- Your objective:
A line below contains "Готовая домашняя работа", and a later one contains "Celebrate your perpetually". Repeat both, with every line between them, exactly.
[Opening Source data section]
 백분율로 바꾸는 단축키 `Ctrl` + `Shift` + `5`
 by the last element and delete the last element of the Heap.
[Closing Source data section]
[Opening Source data section]
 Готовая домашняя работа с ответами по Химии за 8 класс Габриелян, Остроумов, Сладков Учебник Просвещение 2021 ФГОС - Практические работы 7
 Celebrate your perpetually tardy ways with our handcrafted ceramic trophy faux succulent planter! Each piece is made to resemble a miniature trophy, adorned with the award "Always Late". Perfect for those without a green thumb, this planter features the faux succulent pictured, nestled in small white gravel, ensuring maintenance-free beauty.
[Closing Source data section]
- Problem solution:
 Готовая домашняя работа с ответами по Химии за 8 класс Габриелян, Остроумов, Сладков Учебник Просвещение 2021 ФГОС - Практические работы 7
 Celebrate your perpetually tardy ways with our handcrafted ceramic trophy faux succulent planter! Each piece is made to resemble a miniature trophy, adorned with the award "Always Late". Perfect for those without a green thumb, this planter features the faux succulent pictured, nestled in small white gravel, ensuring maintenance-free beauty.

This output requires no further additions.